WHAT TO WORK ON:
Please return, exactly and only, the lines beginning at the top of the entries below and ending with the line containing "The modern and"; keep out the pictures.

━━ GIVEN DATA

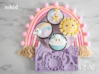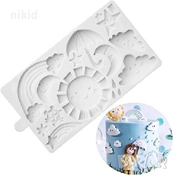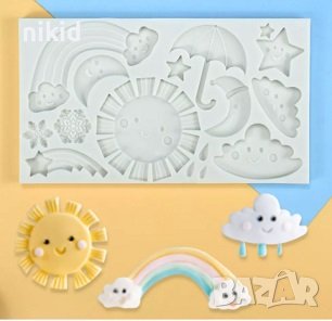Време Прогноза небе Слънце дъга чадър облак звезда луна снежинка силиконов молд форма фондан → Обява 38235394
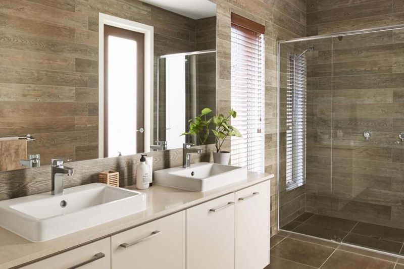 The modern and luxury bathroom design does well with classic and genuine accessories that show class and style. The floor and wall tiles in brown shade bring a unique touch and feel.
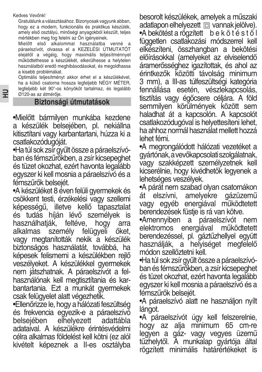 besorolt készülékek, amelyek a műszaki adatlapon elhelyezett vannak jelölve). •A bekötést a rögzített b e k ö t é s t ő l független csatlakozási módszerrel kell elkészíteni, összhangban a bekötési előírásokkal (amelyeket az elviselendő áramerősséghez igazítottak, és ahol az érintkezők közötti távolság minimum 3 mm), a III-as túlfeszültségi kategória fennállása esetén, vészlekapcsolás, tisztítás vagy égőcsere céljára. A föld semmilyen körülmények között sem haladhat át a kapcsolón. A kapcsolót csatlakozódugóval is helyettesíteni lehet, ha ahhoz normál használat mellett hozzá lehet férni. •A megrongálódott hálózati vezetéket a gyártónak, a vevőkapcsolati szolgálatnak, vagy szakképzett személyzetnek kell kicserélnie, hogy kivédhetők legyenek a lehetséges veszélyek. •A párát nem szabad olyan csatornákon át elszívni, amelyekre gázüzemű vagy egyéb energiával működtetett berendezések füstje is rá van kötve. •Amennyiben a páraelszívót nem elektromos energiával működtetett berendezéssel, pl. gáztűzhellyel együtt használják, a helyiséget megfelelő módon szellőztetni kell. •Ha túl sok zsír gyűlt össze a páraelszívó ban és fémszűrőkben, a zsír kicsepeghet és tüzet okozhat, ezért havonta legalább egyszer ki kell mosnia a páraelszívó és a fémszűrők belsejét. •A páraelszívó alatt ne használjon nyílt lángot. •A páraelszívót úgy kell felszerelnie, hogy az alja minimum 65 cm-re legyen a gáz- vagy vegyes üzemű tűzhelytől. A munkalap gyártója által rögzített minimális határértékeket is
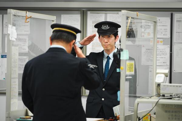助役と2人で行う乗務点呼のワンシーン。敬礼から始まって敬礼で終わる、緊張感ある場面だ
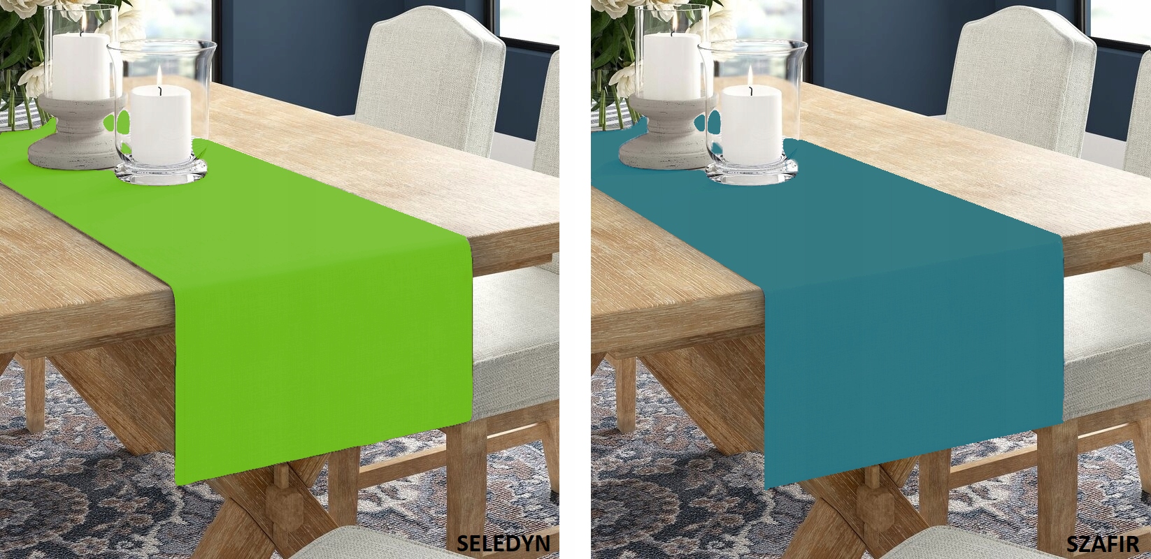 Настольные дорожки изготовлены из гладкой и матовой ткани, поэтому очень красиво смотрятся в помещениях со слабым или сильным освещением. Чехол представлен в очень богатой цветовой гамме и сохраняет глубину цвета очень долго - даже после дюжины стирок. Ткань устойчива к сильным складкам.
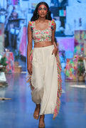 Rose Pink Georgette Embroidered Scallop Jacket With Front Embroidered Bustier And Palazzo Pants
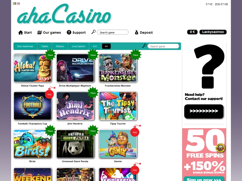 Когда наши обозреватели работали над обзором казино «Аха», здесь были доступны полторы сотни онлайн-игр от NetEnt, Microgaming, Betsoft и Play’N Go. Но ассортимент часто пополняется новинками, поэтому наверняка уже в ближайшем будущем моделей будет гораздо больше.

━━━━

SOLUTION BELOW:
Време Прогноза небе Слънце дъга чадър облак звезда луна снежинка силиконов молд форма фондан → Обява 38235394
 The modern and luxury bathroom design does well with classic and genuine accessories that show class and style. The floor and wall tiles in brown shade bring a unique touch and feel.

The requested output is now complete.